▸ WORK REQUEST:
Retype nothing except the lines below from the one with "Bà Liễu (giữa) và 2 con tại lễ tang ông Hùng" through the one with "晚上张良到军训场与相关老师,就学生的身体", exactly, with images left out.

▸ DATA LISTING:
——

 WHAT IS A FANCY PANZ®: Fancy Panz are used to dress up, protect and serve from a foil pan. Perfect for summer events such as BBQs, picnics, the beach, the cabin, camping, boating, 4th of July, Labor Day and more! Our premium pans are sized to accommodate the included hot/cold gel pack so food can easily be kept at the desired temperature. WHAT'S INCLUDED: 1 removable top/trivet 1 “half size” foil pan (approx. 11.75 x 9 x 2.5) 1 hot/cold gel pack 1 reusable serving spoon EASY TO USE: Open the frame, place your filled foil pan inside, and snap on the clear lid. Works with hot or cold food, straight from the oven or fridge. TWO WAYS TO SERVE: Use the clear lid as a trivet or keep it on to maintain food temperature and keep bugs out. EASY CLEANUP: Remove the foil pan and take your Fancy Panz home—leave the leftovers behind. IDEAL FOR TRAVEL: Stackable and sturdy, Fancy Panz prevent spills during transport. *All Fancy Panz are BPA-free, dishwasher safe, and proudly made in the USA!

——

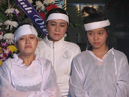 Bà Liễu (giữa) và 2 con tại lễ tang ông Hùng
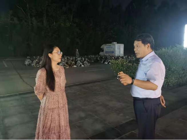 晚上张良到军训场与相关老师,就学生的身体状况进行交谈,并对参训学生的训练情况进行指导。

——

▸ ANSWER TO THE PROBLEM:
 Bà Liễu (giữa) và 2 con tại lễ tang ông Hùng
 晚上张良到军训场与相关老师,就学生的身体状况进行交谈,并对参训学生的训练情况进行指导。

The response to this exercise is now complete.